중규모 기업의 한 소프트웨어 엔지니어가 티켓을 받는다: 다중 테넌트 SSO를 지원하도록 인증 모듈을 리팩터링하고, 테스트 스위트를 업데이트하며, 세 개의 레거시 엔드포인트와의 하위 호환성을 보장하고, 변경 사항을 문서화하라. 해당 작업은 네 개의 디렉터리에 걸친 열두 개의 파일에 관련되며, 문서화되지 않은 내부 API에 대한 이해를 필요로 한다. 엔지니어는 이틀에 걸쳐 작업을 완료한다. AI 코딩 에이전트는 이를 해낼 수 있을까?
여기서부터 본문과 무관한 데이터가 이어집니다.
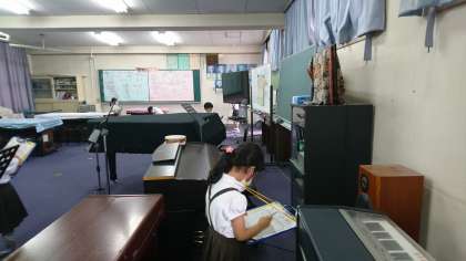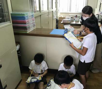 今回は1年生だけで、教職員の方にインタビューしたり、見つけたものをメモしたりしました。みんな、きちんと話を聞いて、一生懸命カードに書いていましたよ。
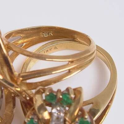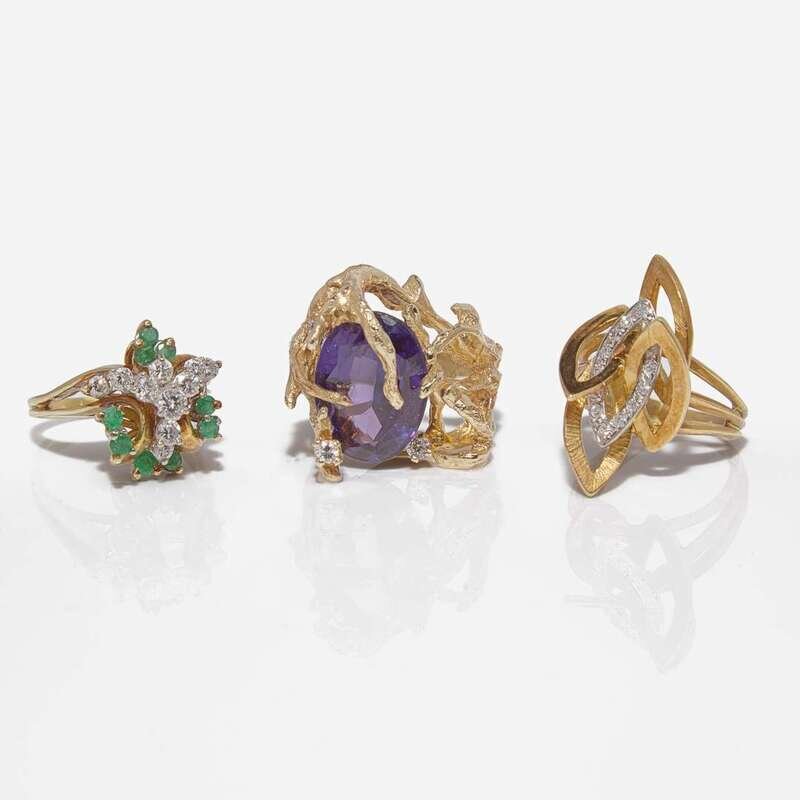 A collection of three yellow gold ladies rings, including a 14K yellow gold ring organically designed ring featuring branch segments centering an oval-cut purple synthetic sapphire measuring approximately 13.25mm x 18.23mm, approximately 14.00 carats, accented by three round brilliant-cut diamonds, an 18K yellow gold ring designed as a cluster of round-cut emeralds and round brilliant-cut diamonds, and an 18K yellow gold ring designed as interlocking almond-shaped gold yellow gold segments, centering one white gold segment set with diamonds. Diamonds are near colorless (G - J), with VS - I clarity. Total estimated weight of diamonds: 1.13 carats.
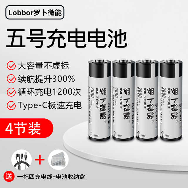 【罗卜微能】usb充电5号锂电池2节,质量保证,持久耐用,适用范围广!电池始终更受信赖,亿万家庭的共同选择,值得信赖!升级无记忆效应工艺,可循环充电约1200次,1节顶1000节传统电池【赠运费险】
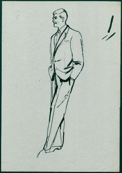 Disegno per annuncio pubblicitario per il reparto Uomo Moda maschile dei grandi magazzini la Rinascente. uomo in posa con abito elegante

Deng et al. (2025)에 따르면, 솔직한 답은 '아마도 아닐 것'이다. AI 코딩 에이전트가 구조화된 벤치마크 작업에서 실질적인 발전을 이루어 온 것은 사실이지만, 실제 엔지니어링 백로그를 채우는 종류의 작업—여러 파일에 걸친 장기적(long-horizon) 작업, 대규모 코드베이스에 대한 맥락적 이해 요구, 시스템의 역사와 제약에 대한 친숙함에서 비롯되는 아키텍처적 판단—에 직면했을 때 성능이 상당히 저하된다.

연구 현황

SWE-Bench Pro는 41개의 저장소에서 추출한 약 1,900개의 문제로 구성된 벤치마크로, 세 가지 계층으로 구성된다: 공개 저장소(학습 데이터를 통한 오염이 가능한 경우), 비공개 저장소(학습 중 공개적으로 이용 불가능한 경우), 상업용 기업 코드베이스(어떤 모델도 접한 적 없는 독점 코드). 모든 작업은 충분한 맥락이 제공된 상태에서 인간 검증을 거쳤으며, 벤치마크는 특히 장기적 작업을 대상으로 한다—전문 소프트웨어 엔지니어가 완료하는 데 수 시간에서 수 일이 걸릴 수 있는 문제로, 종종 여러 파일에 걸친 패치와 상당한 코드 수정을 포함한다.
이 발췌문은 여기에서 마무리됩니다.